Esca had known since the Epidii village that a day would come when their paths parted, whether in death when Esca went beyond the sunset and Marcus to his Roman gods, or in life, but it still hurt more than he had expected, a sharper pain than the dull ache of his injuries. “So you must.”


It was good, settling into the rhythm of life with the Selgovae, hunting with the men and tending Murna’s herds. The boys soon treated him as a beloved uncle, and the baby girl who had never really known her father quieted when Esca held her, nestling against his chest with perfect trust. Esca had not thought much of fatherhood before, but found the idea sweet now, the more for the painful edge of knowledge that it was hardly likely.

The people in the village thought Esca to be Murna's man now, but Esca knew that she was still mourning Guern, and would for some time--and he could not say his own heart was free. But they were something of a family, him and Murna and the children, and as the winter months passed he felt something in him begin to heal over, a wound long kept raw.

In spring Murna’s brother inked Esca’s left arm, a band to match his first, but Selgovae patterns, subtly different in their loops and spirals from those Esca had seen on his kinsmen his entire life.
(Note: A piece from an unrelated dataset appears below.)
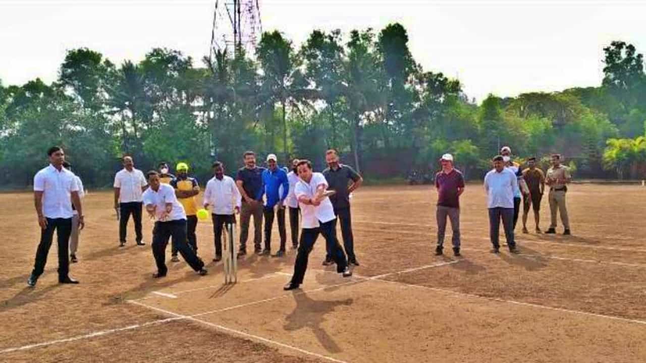 BJP MLA Nitesh Rane play Cricket with journalist in Sindhudurg
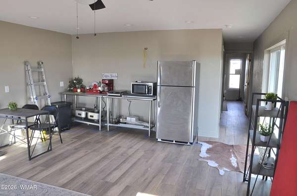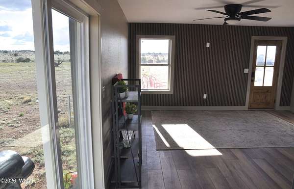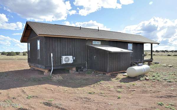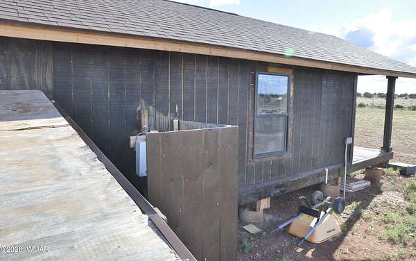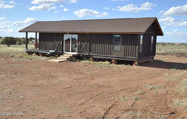 Cabin, new & comfortable, on 29.39 ac on paved road. Well set up w/public power & private well into the Coconino Aquifer, providing good, abundant water. The well is set up w/solar power, collecting water in a 3000 gal holding tank. Well reg # is 55-925045 (see info under docs) The property is completely fenced, keeping the cattle out. 9x40 steel Connex container conveys...providing secure storage. Many animal pens & garden areas w/drip systems. Cabin well insulated, with 2x6 walls. Front deck covered to enjoy the expansive land from. Crawl space under the home for ease of access. With all the elbow room & ease of paved access to town...makes this a desirable property. Appox 15 min to Snowflake and 35 min to Show Low. For heat and cooling there are 2 mini splits plus a propane wall unit... heater, keeping the home very comfortable. Kitchen needs to be installed. Owner may carry at $285K, with large down, depending on terms.

The dark circles under Murna’s eyes began to fade and she smiled more often at her children’s play and the tussling of hound puppies in the rushes. The snow melted and the moors awoke with all the sounds of bird and beast.
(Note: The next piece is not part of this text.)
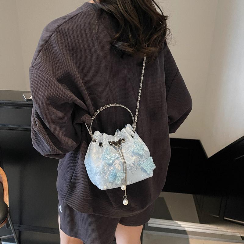 Новая портативная сумка-ведро на цепочке женская 2025 весна-лето высококлассное чувство тренда национальный стиль вышивка нишевая на плечо мессенджер

If Esca sometimes thought of Marcus’s smile, or his hands, or the way he had looked that day in the rain when he freed Esca from his debt, well, that belonged to another life. Esca would have to forget that and be content with this one, this good life with people who respected and loved him, and who saw only Cunoval’s son when they looked on him.

The heather was blooming purple on the moors, the air filled with its honey-scent and the buzz of bees, when the traveler rode up the dirt road to the village. He slid from his horse with some awkwardness, and limped a little when he walked, but Marcus had lost the sallow, strained look he’d carried as long as Esca had known him, and his brow was unwrinkled by the shadow of pain. He wore British clothing, travel-stained braccae and long-sleeved tunic, his cloak clasped with a brooch of Atrebates make, and his smile was hesitant but sweet, as if he was unsure of his welcome.
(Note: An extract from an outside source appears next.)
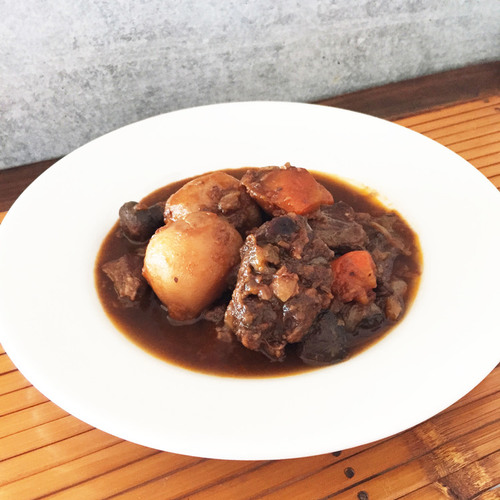 圧力鍋で 新じゃがと牛すね肉のあっさり赤ワイン煮。

Esca knew he looked the fool, standing there in the clearing at the center of the village with his mouth half-open in shock, but he did not care, for Marcus was smiling at him. “The sun and moon be on your path,” Marcus said in British, his accent terrible and yet the sweetest thing Esca had heard in months, his hand warm on Esca’s arm. “Well met, Esca son of Cunoval.”

And Esca’s joy was like the rising sun as Marcus’s arms came around him. “Well met,” Esca whispered.